Warning: This game, as well as any videos I may link to in this review, are not recommended for people with a history of epileptic seizures.
Games that try to integrate your music library into the gameplay are nothing new, with the roots of the idea stretching back all the way to the almost legendary original PlayStation title Vib-Ribbon(1999). Although considered greatly innovative at the time, the concept never really went anywhere and the few games that tried to follow suit almost exclusively faded into obscurity, remembered fondly by the few gamers who actually bought them.
Fast-forward to 2008 and Audiosurf, which burst out onto the rapidly expanding Steam platform to a wave of praising reviews and great sales numbers. Now, music suddenly seemed like a viable element to build your gameplay on, and it was expected that other developers would follow suit.
It would take until 2010 and Cold Beam Games‘ indie twin-stick arcade-shooter Beat Hazard before we got to see another brilliant take on the concept.
Even though Beat Hazard borrows it’s music-based gameplay from the likes of Audiosurf and Vib-Ribbon, that’s only half of the story. It’s pure action style, outlandish visuals and, at times, brutally insane difficulty are all heavily reminiscent of Geometry Wars and it’s old-school counterparts.
The problem with reviewing twin-stick shooters is that they are relatively simplistic by nature, and on the surface there usually isn’t a lot differentiating them from each other. You control a small ship on a square-sized grid, trying to avoid enemy fire and enemies while shooting what can be most closely described as “liquid lightning” (or lasers if you’re boring), picking up powerups and fighting huge-ass bosses. What really separates a good twin-stick shooter from a bad one is it’s look, sound and feel. This is where Beat Hazard gets it just right.
As the game helpfully informs you upon launch, you can play with a mouse and keyboard or a Xbox 360 controller. There is no mention of support for other gamepads, and I have been unable to test this out myself. The mouse and keyboard option handles very well, but I have no experience with the Xbox 360 controller.
As early as the menu screen you are stricken by the game’s overpowering visuals, as a song from the last folder you selected starts playing automatically with a visualizer in the background filling your screen with what can be closest likened to liquid lightning. In fact, this visualizer can sometimes prove a little too overpowering, making reading the menu text a little difficult at times.
The menu consists of your standard options like a leaderboard, stats, achievements, options, a tutorial and the two games modes. Curiously there’s a major game mode missing from the PC version, and that is co-op play – although the developer has expressed wishes to add both local and online co-op to the PC version in later patches.
The stats, leaderboard and achievement menus work like you would expect them to and the “learn the game” option summarizes everything you need to know with ease.
However, the menu problems rear their ugly heads when you start getting into actually choosing a song to play. Browsing through your hard-drive is both slow and clunky, and if your songs are not of mp3 format you aren’t going to be able to play them without converting.
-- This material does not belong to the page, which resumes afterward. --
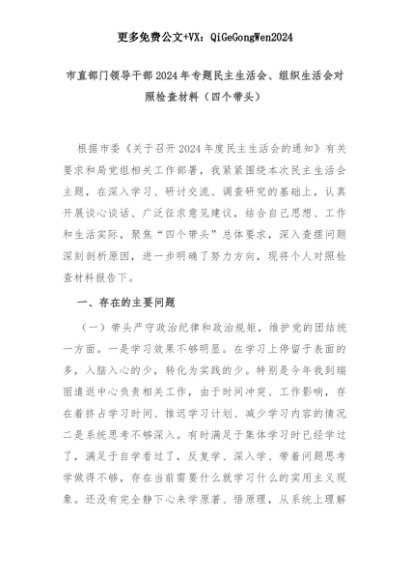 【七哥公文】2025年:市直部门领导干部2024年专题民主生活会、组织生活会对照检查材料(四个带头)+更多免费公文+VX:QiGeGongWen2024+更多免费公文+VX:QiGeGongWen2024
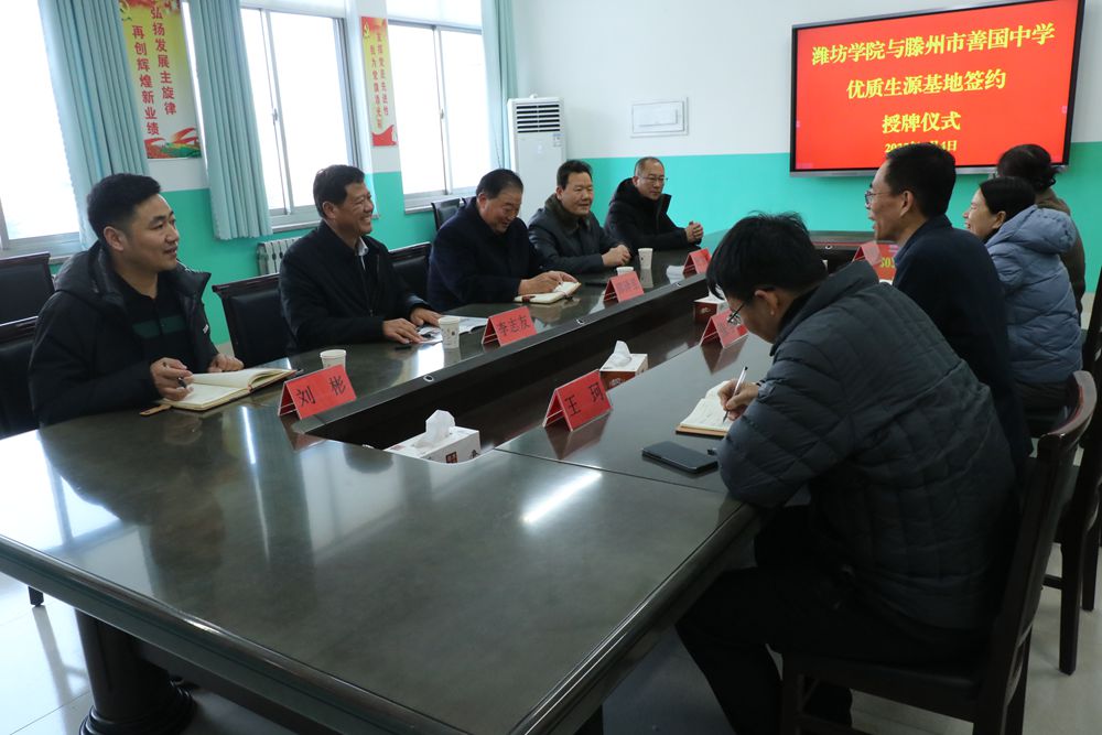 邵澤昱介紹了善國中學的辦學特色,表示善國中學將不斷拓展辦學空間,努力提升教學質量,為濰坊學院輸送優質生源。

Once again, additional format support is something we can most probably expect in patches later on, but if a large portion of your music is in anything other than mp3, you might want to take that into consideration.
UPDATE: After patches, all the interface problems are gone and there is now OGG and FLAC support.
When you’ve navigated your way to your mp3 file of choice (high-tempo music and music with lots of variation recommended!), you’re greeted with a playing field much like Geometry Wars, and from here on out it’s almost like playing any other twin-stick shooter, just with enemies that shoot back, giant bosses, and gameplay morphing to your music of choice a’la Audiosurf.
There’s a multiplier system much like in Geometry Wars, only it goes up to 200 here, and you have to adjust to the enemies moving in set paths (based on your music) instead of following you, but generally if you’ve played Geometry Wars or any other twin-stick shooter, you’re going to pick up on Beat Hazard in no time at all.
The two game modes offer slightly differing takes on the same gameplay, with Survival mode (which plays tracks from the same folder until you lose) offering an endurance match more focused on long-term survival and managing your multipliers, while normal mode offers a playthrough of a single song, promoting more agressive play.
[youtube=http://www.youtube.com/watch?v=4uXQVaVvY9E&feature=PlayList&p=A76E27CAC607B97C&playnext_from=PL&index=0&playnext=1]
Direct link
The above footage is from the survival mode.
There’s really not a lot else to say. What you see is what you get and if you’ve ever felt that Audiosurf needed more Geometry Wars, or just have an interest in twin-stick shooters in general, you can’t go wrong with Beat Hazard.
Summary
Developer: Cold Beam Games
Genre: Music-based twin-stick shooter.
Time: The length of your music library. Or the time it takes for your brain to melt.
Niggles: lack of co-op option in the PC version.
Get it for the: Insane visuals, fast pace, addictive gameplay, blow-your-mind-open boss-fights, music integration.
Disclaimer: I have spent about six hours with the PC version of Beat Hazard. I have not played the xbox 360 version.